NBA jest zorganizowana całkowicie. FIFA/UEFA jedynie na zasadzie tego co się wiąże z pobieraniem trybutów i niektórych rozgrywek.

W NBA jest 30 drużyn, podzielonych na dwie "konferencje": wschodnią i zachodnią. Każda z drużyn ma taką samą kwotę do wydania na zawodników.

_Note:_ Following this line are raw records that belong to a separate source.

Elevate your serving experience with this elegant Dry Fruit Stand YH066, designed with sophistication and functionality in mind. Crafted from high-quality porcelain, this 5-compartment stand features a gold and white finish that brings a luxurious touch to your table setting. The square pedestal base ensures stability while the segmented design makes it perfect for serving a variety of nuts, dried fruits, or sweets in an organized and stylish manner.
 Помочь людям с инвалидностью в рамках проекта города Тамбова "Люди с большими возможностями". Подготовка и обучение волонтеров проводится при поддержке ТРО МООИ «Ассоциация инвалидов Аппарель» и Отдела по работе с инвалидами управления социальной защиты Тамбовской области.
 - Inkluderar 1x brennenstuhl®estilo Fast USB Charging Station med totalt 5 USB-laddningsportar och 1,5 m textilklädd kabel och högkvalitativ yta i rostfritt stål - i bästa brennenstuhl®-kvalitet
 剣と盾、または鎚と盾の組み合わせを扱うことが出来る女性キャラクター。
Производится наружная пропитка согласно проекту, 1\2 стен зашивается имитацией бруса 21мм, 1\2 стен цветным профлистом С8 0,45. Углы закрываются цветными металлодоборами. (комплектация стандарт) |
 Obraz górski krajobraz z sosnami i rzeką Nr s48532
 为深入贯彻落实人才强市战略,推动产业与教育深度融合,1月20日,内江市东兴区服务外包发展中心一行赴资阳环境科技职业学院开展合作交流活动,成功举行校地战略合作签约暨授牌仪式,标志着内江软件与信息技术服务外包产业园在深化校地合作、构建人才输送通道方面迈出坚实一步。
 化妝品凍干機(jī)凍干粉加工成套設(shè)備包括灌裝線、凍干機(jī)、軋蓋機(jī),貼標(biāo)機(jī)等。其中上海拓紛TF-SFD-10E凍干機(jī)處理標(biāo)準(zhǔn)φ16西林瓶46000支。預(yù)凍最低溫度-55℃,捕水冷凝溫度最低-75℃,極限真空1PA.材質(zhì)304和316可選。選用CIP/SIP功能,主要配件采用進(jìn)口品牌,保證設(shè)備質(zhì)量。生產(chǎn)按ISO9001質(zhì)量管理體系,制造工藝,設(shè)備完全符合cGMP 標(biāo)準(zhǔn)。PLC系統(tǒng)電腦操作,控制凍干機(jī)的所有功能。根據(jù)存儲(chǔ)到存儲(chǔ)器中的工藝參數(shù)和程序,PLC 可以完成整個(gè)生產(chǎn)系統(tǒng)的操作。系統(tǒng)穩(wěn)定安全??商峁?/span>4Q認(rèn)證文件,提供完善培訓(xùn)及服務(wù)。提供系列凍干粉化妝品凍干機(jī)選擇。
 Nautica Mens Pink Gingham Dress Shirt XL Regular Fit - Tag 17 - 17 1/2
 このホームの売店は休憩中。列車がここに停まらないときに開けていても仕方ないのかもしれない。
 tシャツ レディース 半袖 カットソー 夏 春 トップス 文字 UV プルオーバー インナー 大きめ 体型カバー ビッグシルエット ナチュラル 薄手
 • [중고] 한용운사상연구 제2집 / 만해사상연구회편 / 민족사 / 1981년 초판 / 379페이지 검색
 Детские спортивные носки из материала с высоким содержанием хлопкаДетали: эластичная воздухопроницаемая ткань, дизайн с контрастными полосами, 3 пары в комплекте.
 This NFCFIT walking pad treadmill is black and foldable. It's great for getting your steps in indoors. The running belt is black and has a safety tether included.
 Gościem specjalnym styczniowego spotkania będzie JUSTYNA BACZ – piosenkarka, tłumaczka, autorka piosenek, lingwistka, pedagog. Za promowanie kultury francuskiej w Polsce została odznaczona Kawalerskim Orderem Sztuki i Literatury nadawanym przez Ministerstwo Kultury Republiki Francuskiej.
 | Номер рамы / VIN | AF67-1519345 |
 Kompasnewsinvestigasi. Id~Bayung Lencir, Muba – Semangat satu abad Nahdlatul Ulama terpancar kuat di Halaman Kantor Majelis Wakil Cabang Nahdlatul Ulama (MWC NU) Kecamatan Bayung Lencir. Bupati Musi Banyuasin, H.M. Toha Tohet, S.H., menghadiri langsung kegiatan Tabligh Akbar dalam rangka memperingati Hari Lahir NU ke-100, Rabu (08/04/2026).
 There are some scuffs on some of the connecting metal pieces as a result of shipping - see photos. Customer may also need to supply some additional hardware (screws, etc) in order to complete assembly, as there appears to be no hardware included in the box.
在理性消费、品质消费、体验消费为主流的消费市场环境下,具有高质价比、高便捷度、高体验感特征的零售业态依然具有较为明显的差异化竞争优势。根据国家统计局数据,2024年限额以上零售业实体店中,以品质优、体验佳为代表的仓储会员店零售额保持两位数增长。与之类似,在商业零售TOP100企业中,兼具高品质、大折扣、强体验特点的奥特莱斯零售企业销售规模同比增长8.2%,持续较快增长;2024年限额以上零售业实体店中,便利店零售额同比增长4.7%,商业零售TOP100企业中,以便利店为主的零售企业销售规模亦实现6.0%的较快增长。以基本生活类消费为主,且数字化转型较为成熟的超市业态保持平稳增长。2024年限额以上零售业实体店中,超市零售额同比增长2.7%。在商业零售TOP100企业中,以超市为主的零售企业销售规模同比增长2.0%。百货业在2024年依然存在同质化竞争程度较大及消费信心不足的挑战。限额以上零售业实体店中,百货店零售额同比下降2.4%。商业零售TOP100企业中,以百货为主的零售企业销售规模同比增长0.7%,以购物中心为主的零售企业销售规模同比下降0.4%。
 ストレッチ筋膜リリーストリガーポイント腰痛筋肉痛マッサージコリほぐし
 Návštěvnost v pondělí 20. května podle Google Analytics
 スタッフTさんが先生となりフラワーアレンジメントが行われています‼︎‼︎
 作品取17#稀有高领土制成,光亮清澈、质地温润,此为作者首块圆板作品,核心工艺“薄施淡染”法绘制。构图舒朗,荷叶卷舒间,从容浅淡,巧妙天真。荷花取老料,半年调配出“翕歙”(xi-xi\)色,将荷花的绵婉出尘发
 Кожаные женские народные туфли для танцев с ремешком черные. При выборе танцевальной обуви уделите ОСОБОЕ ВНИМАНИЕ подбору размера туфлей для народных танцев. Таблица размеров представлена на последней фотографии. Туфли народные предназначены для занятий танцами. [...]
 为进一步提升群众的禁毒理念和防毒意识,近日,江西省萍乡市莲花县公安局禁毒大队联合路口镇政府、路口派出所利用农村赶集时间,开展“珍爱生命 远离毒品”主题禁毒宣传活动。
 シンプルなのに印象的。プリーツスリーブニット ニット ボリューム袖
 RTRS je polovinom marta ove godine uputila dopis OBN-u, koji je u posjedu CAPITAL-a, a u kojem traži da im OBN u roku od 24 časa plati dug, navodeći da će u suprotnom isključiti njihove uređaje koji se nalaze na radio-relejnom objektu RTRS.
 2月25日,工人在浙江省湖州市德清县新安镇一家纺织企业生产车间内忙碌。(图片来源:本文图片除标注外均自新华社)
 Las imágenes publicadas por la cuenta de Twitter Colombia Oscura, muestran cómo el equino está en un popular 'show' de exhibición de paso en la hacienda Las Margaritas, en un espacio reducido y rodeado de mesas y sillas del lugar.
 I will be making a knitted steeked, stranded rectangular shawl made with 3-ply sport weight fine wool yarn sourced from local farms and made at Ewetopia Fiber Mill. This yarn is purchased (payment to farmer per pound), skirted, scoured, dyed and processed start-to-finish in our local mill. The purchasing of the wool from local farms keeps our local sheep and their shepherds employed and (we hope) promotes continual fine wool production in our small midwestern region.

Rozwiązanie, które managerom od footballu się nie mieści w głowie.

W NBA jest jeden kanał wchodzenia do zespołów nowych zawodników. Jest to tzw. draft. W ramach tego procesu, zawodnicy są angażowani przez kluby, wg. ustalonej kolejności pierwszeństwa wyboru. I tu uwaga - następne dla nas, wielbicieli liberalizmu i kapitalizmu, niezwykłe rozwiązanie: pierwszeństwo w naborze najlepszych zawodników mają drużyny o najsłabszych wynikach w lidze!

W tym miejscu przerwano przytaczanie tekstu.